There’s a great hashtag on Twitter today: “Start over in 5 words.” Yes, I know, we can’t usually erase all evidence of the many stupid things we’ve done and start over, but just for this one special day let’s try it! And since I seem to be stuck in “life review” lately, Why not?
I can think of literally a million stupid things I’ve done. Ah, let me count the ways I have proven my own stupidity… but then, many have done the same to me. I see my twenties as a whole world of stupidity now. How was I ever SO NAIVE? I got taken advantage of in just about every way possible, mainly because others could get away with it! They must have been amazed to find such a apparently smart and yet stupid girl. I, of course, blame this on my parents (hahahaha…) Unfortunately the stupidity didn’t stop there, as you will know if you have ever seriously looked back at your life from your sixties.

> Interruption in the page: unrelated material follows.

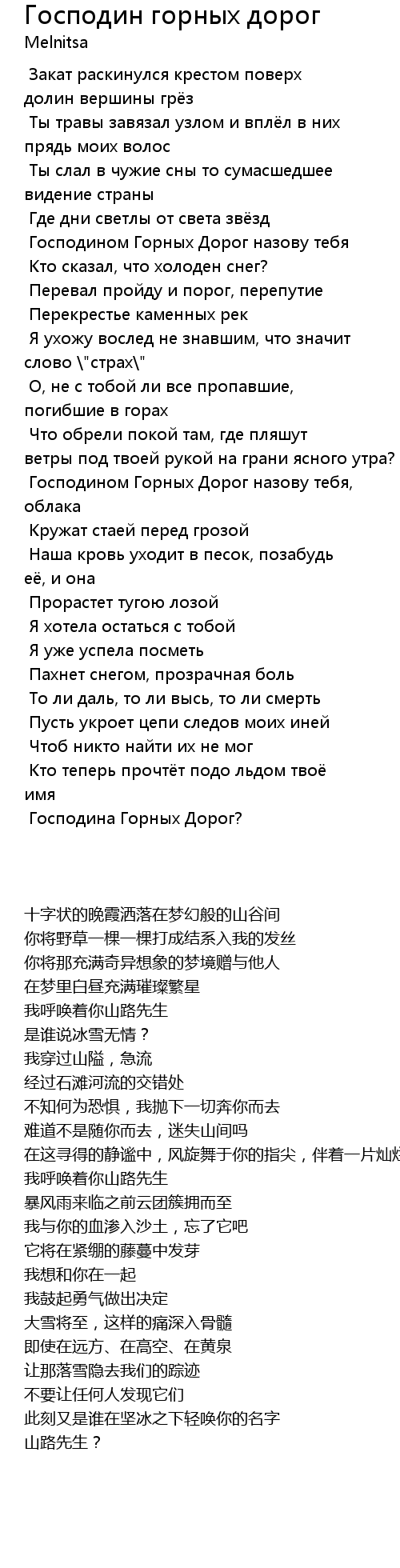Господином Горных Дорог назову тебя |
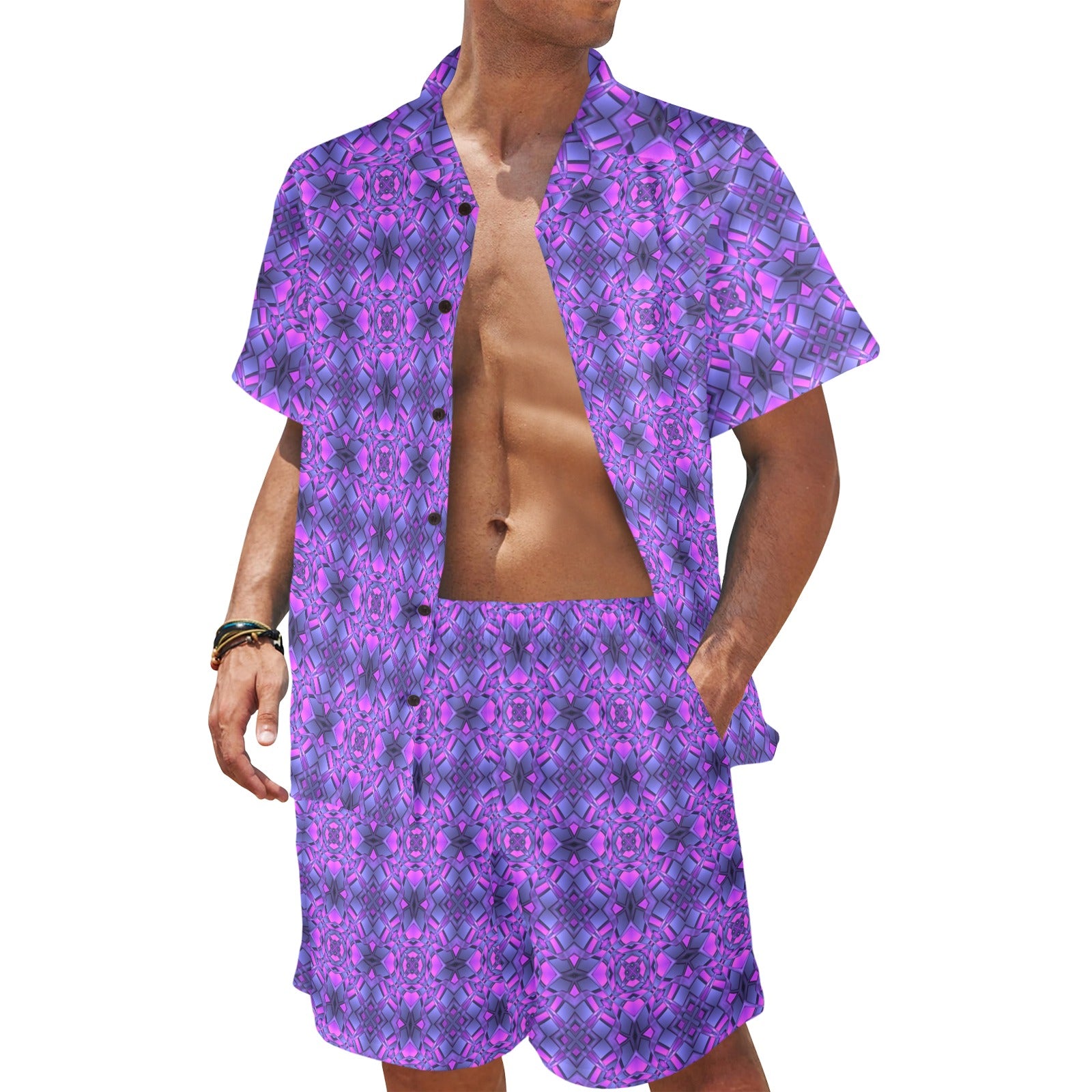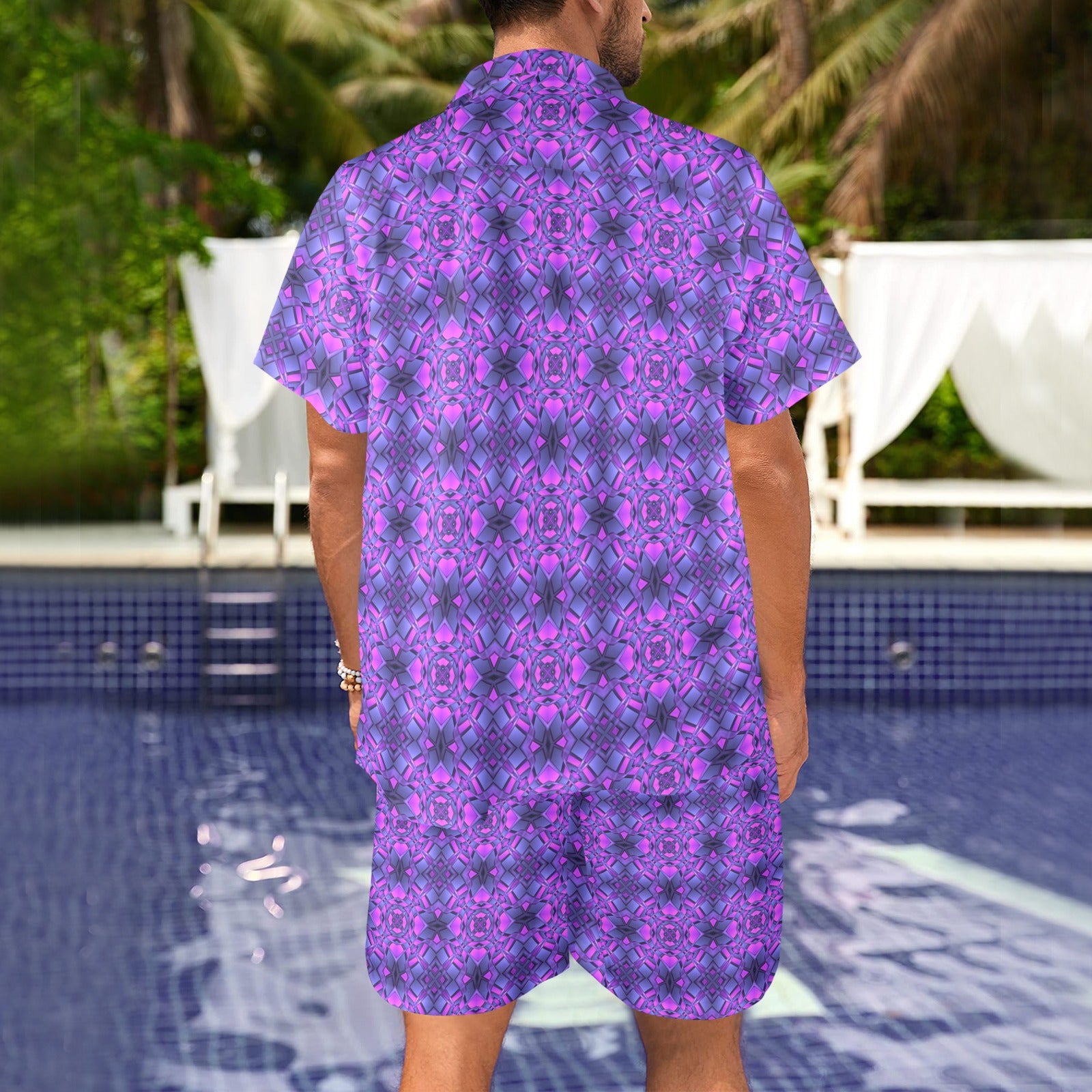 kaleidoscope Pattern Print Design Men's Beach Shirt and Shorts Set. It is hand-cut and sewn just for your order! This process starts as soon as your order is placed and may have a processing time of 5-9 business days before it ships.

This brings us to my favorite reward for decades of aging: SELF-COMPASSION. Get into to it and you will see that you weren’t really all that stupid, just inexperienced in life. You didn’t see any of that coming! Hell, you didn’t even know yourself back then. We were all messed up in our twenties and probably lucky to just survive them. Reward yourself for your survival and the fact that you now thrive in a whole new world of loveliness. At least we learn in life and can now celebrate the rewards of so much self-struggle.
Forget your mistakes for this first day of a whole new year and celebrate your lovely survival to enjoy this day!

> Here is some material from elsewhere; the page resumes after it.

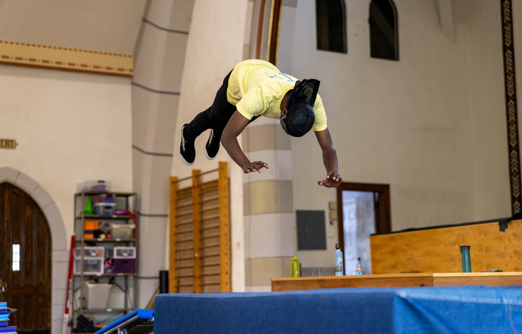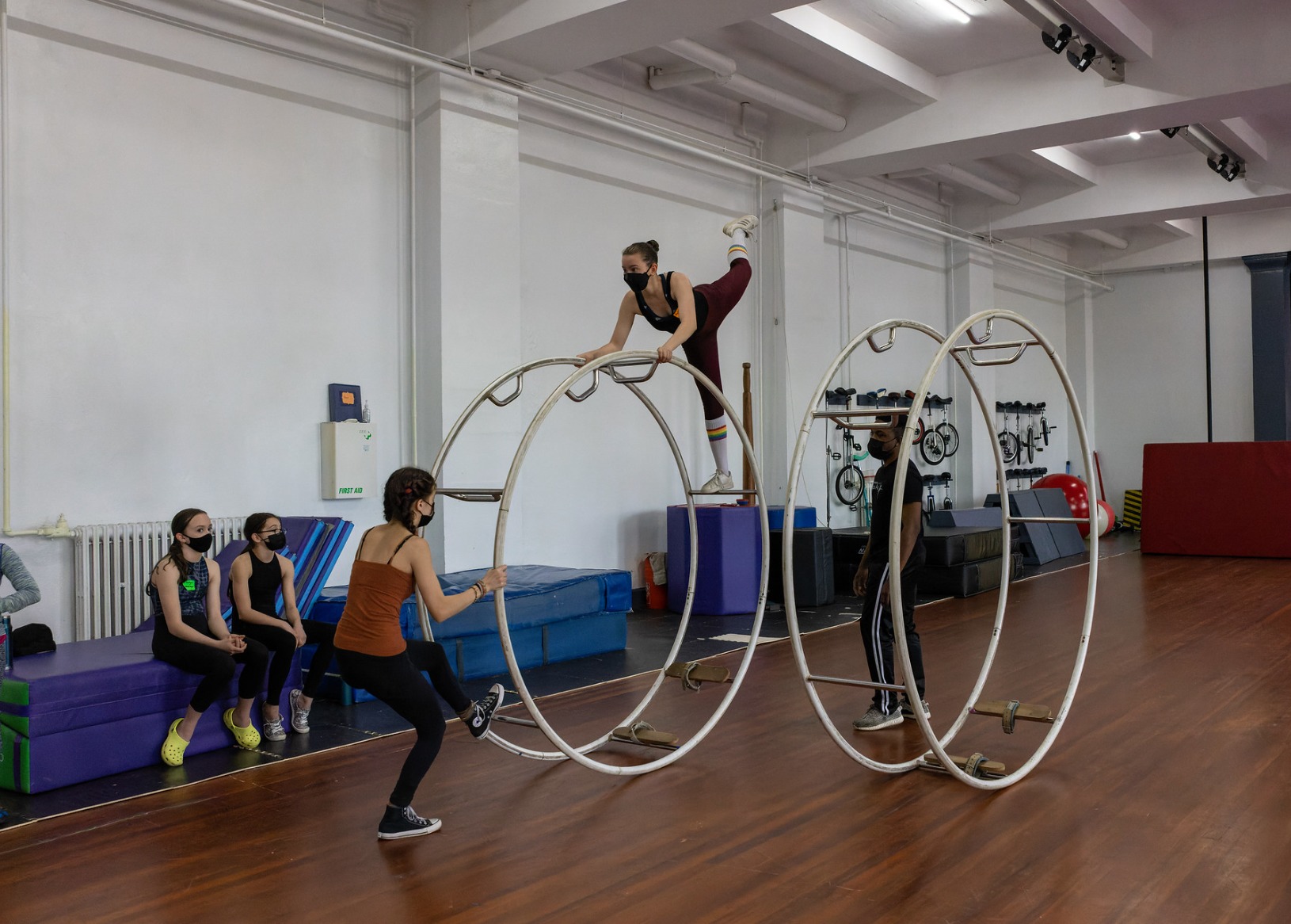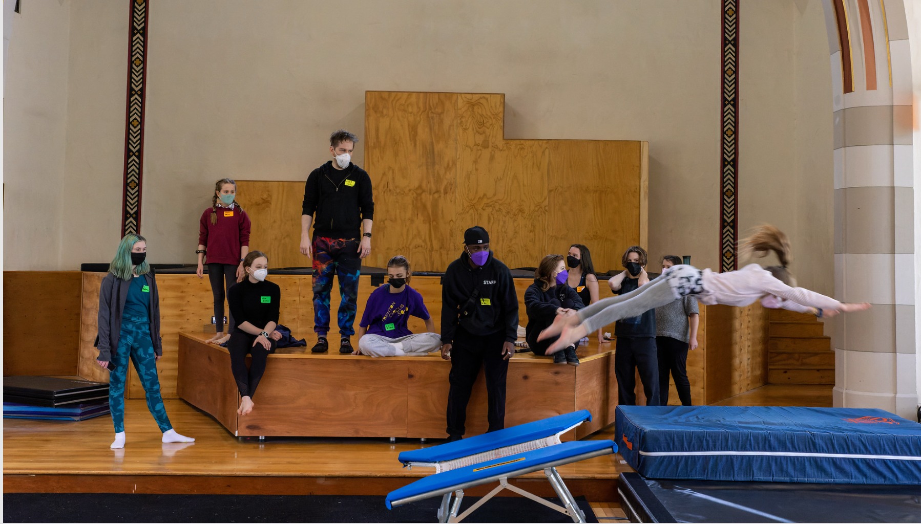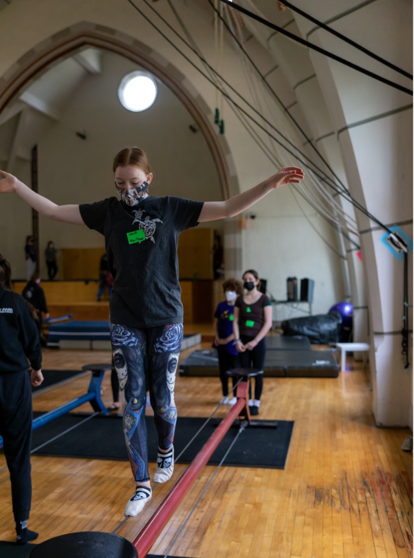 In addition to giving participants the chance to learn new skills and perform for each other, the festival brought the greater circus community together and connected young circus artists with their peers, some for the first time. Not surprisingly, the Covid-19 pandemic has caused significant disruptions to AYCO’s youth festivalsover the past few years, and as a result, this was the first in-person iteration of the event since 2020. This year’s festival was exemplary in many ways of our collective “new normal”: participants and instructors wore masks at all times in the building, and the check-in process also involved Covid testing provided on-site. Every single person involved in the event—coaches, students, chaperones, and administrators—was tested before starting the day, ensuring that everyone could enjoy the event safely. Meals and breaks happened outside to give everyone a chance to unmask for a time and take in the grounds of the campus, where entertainment was provided by on-site wirewalking and flying trapeze artists.

As I prepare to pen this final post of the year 2018, I would have to say my heart is filled with gratitude. My life has been blessed with a wonderful family who all still live. My Dad, at almost 90, is as healthy as I might hope for, and my Mom, although she struggles everyday for clarity, is as generous and loving as ever.
My brother who lives in the woods in a lean-to, loves his life at age 65. He knows exactly what it means to live “wild and free.” Talks with him always remind me of Henry David Thoreau. He shares his own version of genius with the rest of us.
My sister is an international star in the field of long-term care, who else to manage my parents’ many health concerns? Diane knows what she’s talking about when it comes to end-of-life issues. She teaches us all what she knows.
And finally, as I look out over our majestic fields of snow, I love where I live with my favorite people and pets. The sun struggles to come out and warm our passive solar home today, reminding me everyday how dependent we are on its power and warmth.
I am forced to ask everyday: How did I ever get so lucky?
I watched an amazing film last night, and this question came from it. “The Children Act” is one of the best films I’ve seen in years. My gift to you this holiday season is to tell you that you must see it. There is nothing simple about this multi-layered plot, which investigates the complex emotions of human existence and relationships. Emma Thompson also delivers one of her best and most heart-felt performances in this film, which caused me to begin to ponder, when in my own life have I truly felt wild and free?
I have known only fleeting moments of “wild and free” most of my life. At the time I called these glimpses “zen moments” when everything seemed exactly as it should be. I loved that feeling of finally being in the right place at the right time to experience this golden moment.
Then, in a shocking revelation last night, I realized that it is only now, in my sixties, that I regularly feel both wild and free. Now I can finally stop thinking about how others might judge me, and simply make my own choices. Everyday I again choose to be me, feeling safe and nurtured enough to reveal my authentic self, handing myself more freedom. What a refreshing way to live…
I gave myself freedom in the past few years. That’s pretty wild, isn’t it?